While at Penn, Toole helped guide the Quakers to consecutive NCAA tournament appearances in 2002 and 2003. He served as co-captain for the 2002-03 Quaker team that finished the regular season 22–6. Over his four-year career at Elon and Penn, he averaged 12.3 points per game, while also contributing 3.0 assists and rebounds per game.

==Coaching career==
Following his graduation from the University of Pennsylvania, Toole spent two years with the Hoop Group, a major AAU high school exposure camp, in Neptune City, New Jersey. Then he took up his first assistant coaching job at Lafayette College in 2006.

===Robert Morris===
After only one season at Lafayette, Toole moved west and accepted an assistant coaching job with Robert Morris University under former Rutgers University head coach Mike Rice Jr. Toole helped guide the Colonials to two straight NCAA Tournament berths in 2009 and 2010, where they were the 15th seed each time. When Rice left for Rutgers following the 2009–10 season, Robert Morris Director of Athletics Craig Coleman named Toole the 8th head coach in the basketball program's 34 years of existence on May 11, 2010.

"I'm unbelievably excited to be the head coach at Robert Morris University," Toole said during his press conference at the Charles L. Sewall Center. "I take that honor very seriously, and I'm going to work incredibly hard and tirelessly to prove those people right while continuing to build on the success that we've had over the last three years." With his appointment, Toole became the youngest head coach in men's Division I basketball, and the fifth head coach with ties to the Hoop Group, following Rice (Rutgers), Greg Vetrone (Fairleigh Dickinson), Chuck Martin (Marist), and Jesse Agel (Brown).

Toole earned his first head coaching victory on November 13, 2010 against St. Peter's College, a 55–30 triumph at the Sewall Center.

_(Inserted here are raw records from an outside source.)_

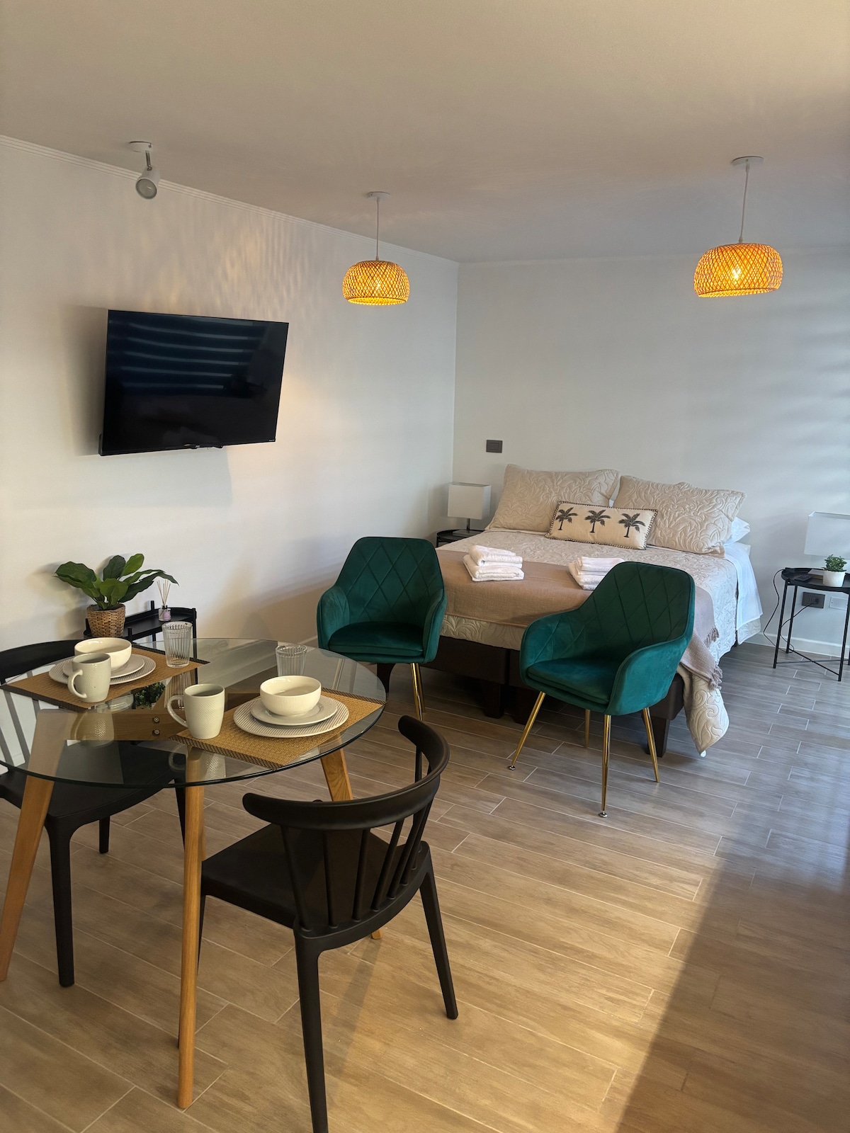 Nyd et uforglemmeligt ophold i vores smukke lejlighed! Fuldt udstyret, med Wi-Fi (perfekt til fjernarbejde), fuldt udstyret køkken, hyggeligt værelse og privat parkering inde på stedet. 📍 Beliggenhed: 8 minutters gang fra Ñuble-metroen (linje 5 og linje 6). 🛏️ Kapacitet: Op til 2 personer ✨ Faciliteter: Wi-Fi, tv, Netflix, sengetøj, håndklæder, køkkengrej og meget mere. Dit hjem væk hjemmefra venter på dig!
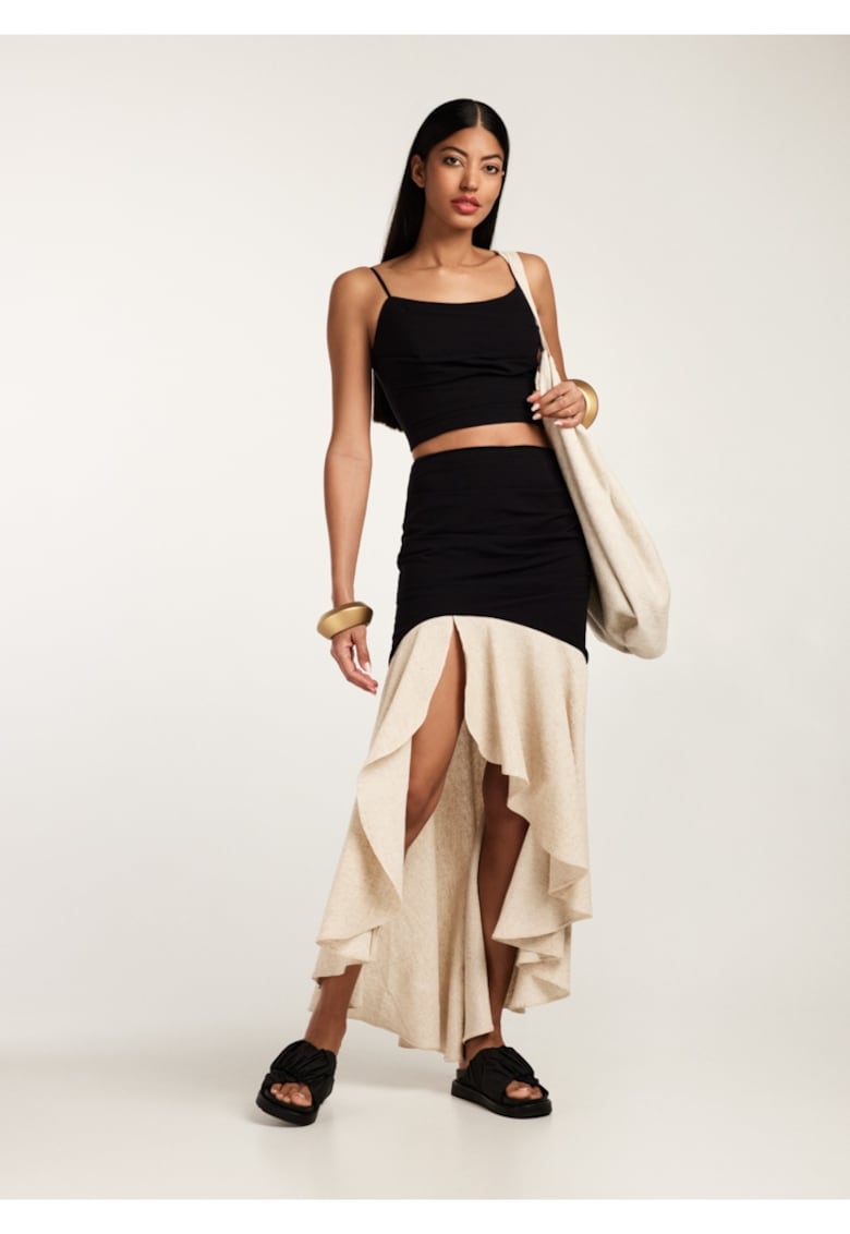 Caracteristici Continut pachet: top si fusta Culoare: negru Imprimeu: uni Material: bumbac Stil: casual Croiala: lejer Lungime maneca: fara maneca Detalii: asimetric Sistem inchidere: fermoar Compozitie Exterior: 75% in 25% bumbac Captuseala: 100% bumbac
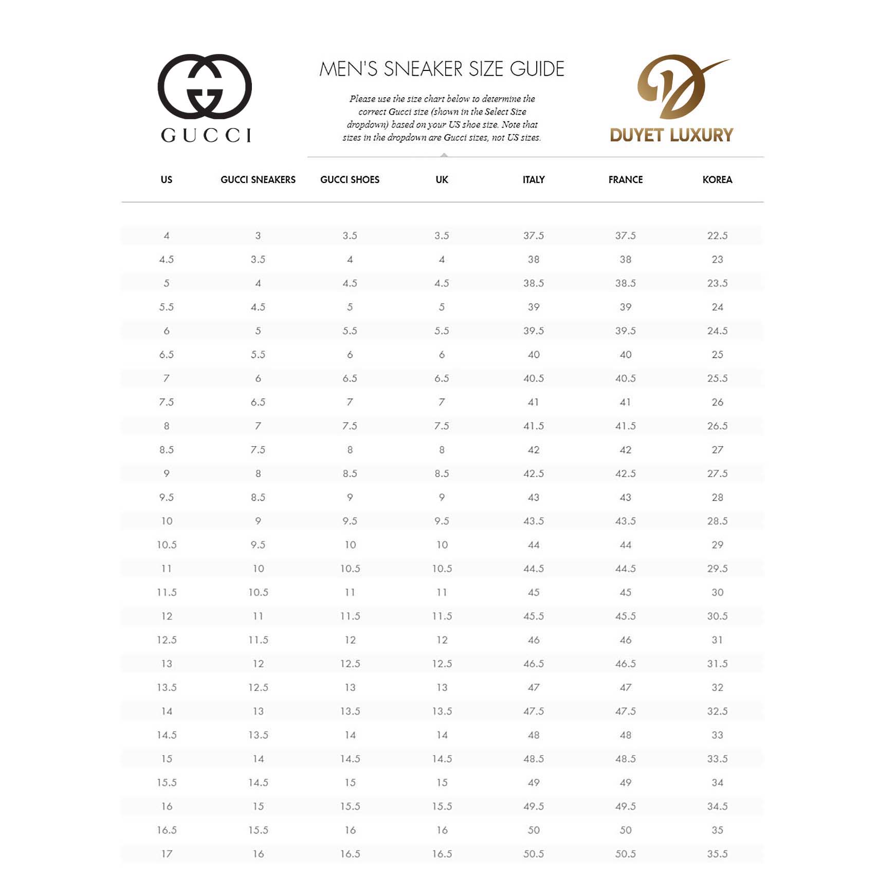 BẢNG SIZE GIÀY GUCCI:
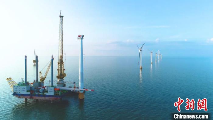 图为徐闻外罗港二期海上风电场安装海上风机 岳瑞轩 摄
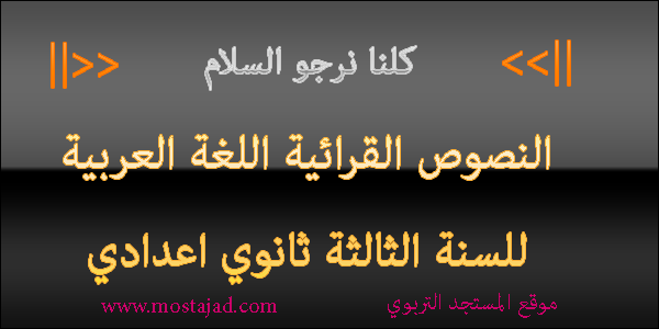 درس في مادة اللغة العربية النصوص القرائية مجال القيم الوطنية والإنسانية النص القرائي كلنا نرجو السلام لتلاميذ السنة الثالثة من التعليم الثانوي الإعدادي.
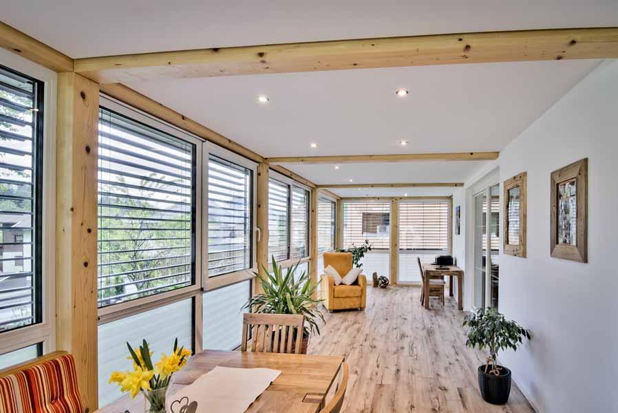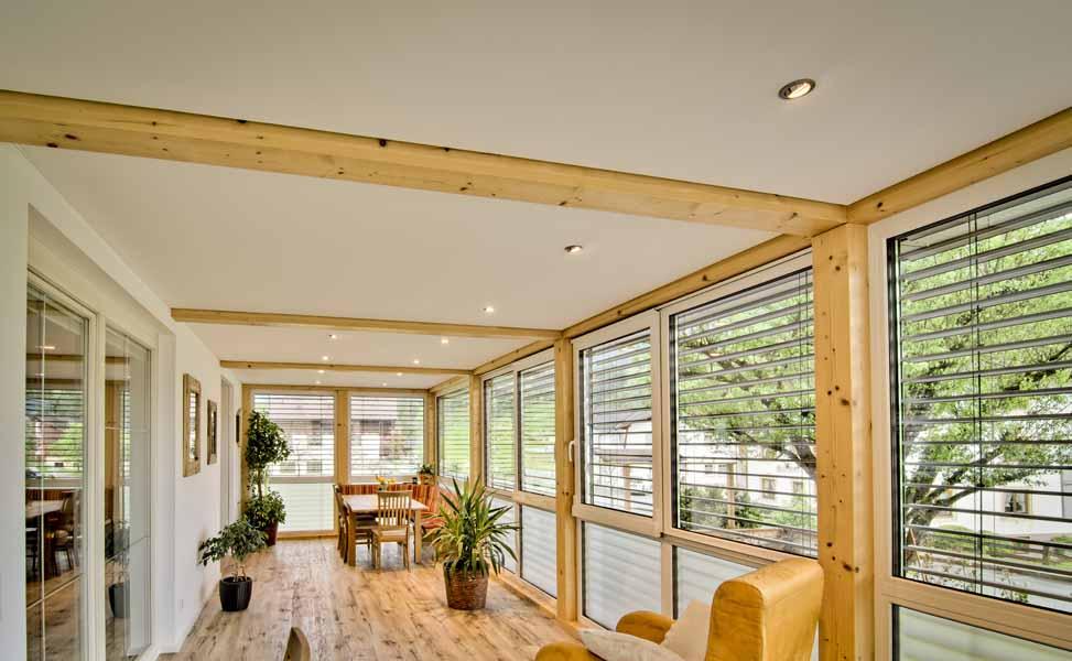 Ein Wintergarten als lichtdurchfluteter Platz mit entspannten Sitz- und Liegegelegenheiten vereint Wohnlichkeit & Wärme und bietet einen besonders gemütlichen Aufenthaltsraum. Höchste Präzision der Holzelemente beim Übergang zu den Glasflächen zur Vermeidung von Feuchtigkeit, eine optimale Wärmedämmung mit effektiver Belüftungsmöglichkeit zur uneingeschränkten Nutzung des Bereiches im Sommer wie Winter und eine akkurate Holzrahmenkonstruktion bilden dabei die Vorgaben.

The win also set a new school record for points allowed in a game, besting the previous mark of 34 points allowed.

==Head coaching record==

Record table
| Season | Team | Overall | Conference | Standing | Postseason |
Robert Morris Colonials (Northeast Conference) (2010–2020)
| 2010–11 | Robert Morris | 18–14 | 12–6 | 3rd |  |
| 2011–12 | Robert Morris | 26–11 | 13–5 | 3rd | CIT Quarterfinals |
| 2012–13 | Robert Morris | 24–11 | 14–4 | 1st | NIT Second Round |
| 2013–14 | Robert Morris | 22–14 | 14–2 | 1st | NIT Second Round |
| 2014–15 | Robert Morris | 20–15 | 12–6 | T–2nd | NCAA Division I Round of 64 |
| 2015–16 | Robert Morris | 10–22 | 8–10 | 8th |  |
| 2016–17 | Robert Morris | 14–19 | 9–9 | T–5th |  |
| 2017–18 | Robert Morris | 16–17 | 9–9 | T–6th |  |
| 2018–19 | Robert Morris | 18–17 | 11–7 | T–3rd | CIT Second Round |
| 2019–20 | Robert Morris | 20–14 | 13–5 | T–2nd | NCAA Canceled |
Robert Morris Colonials (Horizon League) (2020–present)
| 2020–21 | Robert Morris | 4–15 | 3–12 | 12th |  |
| 2021–22 | Robert Morris | 8–24 | 5–16 | 10th |  |
| 2022–23 | Robert Morris | 16–17 | 10–10 | T–6th |  |
| 2023–24 | Robert Morris | 10–22 | 6–14 | 9th |  |
| 2024–25 | Robert Morris | 26–9 | 15–5 | 1st | NCAA Division I Round of 64 |
| 2025–26 | Robert Morris | 22–11 | 13–7 | 2nd |  |
| 2026–27 | Robert Morris | 0–0 | 0–0 |  |  |
| Robert Morris: |  | 274–252 (.521) | 167–127 (.568) |  |  |  |  |  |
| Total: |  | 274–252 (.521) |  |  |  |  |  |  |  |
National champion Postseason invitational champion Conference regular season champion Conference regular season and conference tournament champion Division regular season champion Division regular season and conference tournament champion Conference tournament champion

==Personal==
Toole is a member of the Friars Senior Society at the University of Pennsylvania and earned his B.A. in Political Science in 2003. He currently resides in Mt. Lebanon, Pennsylvania with his wife and two sons.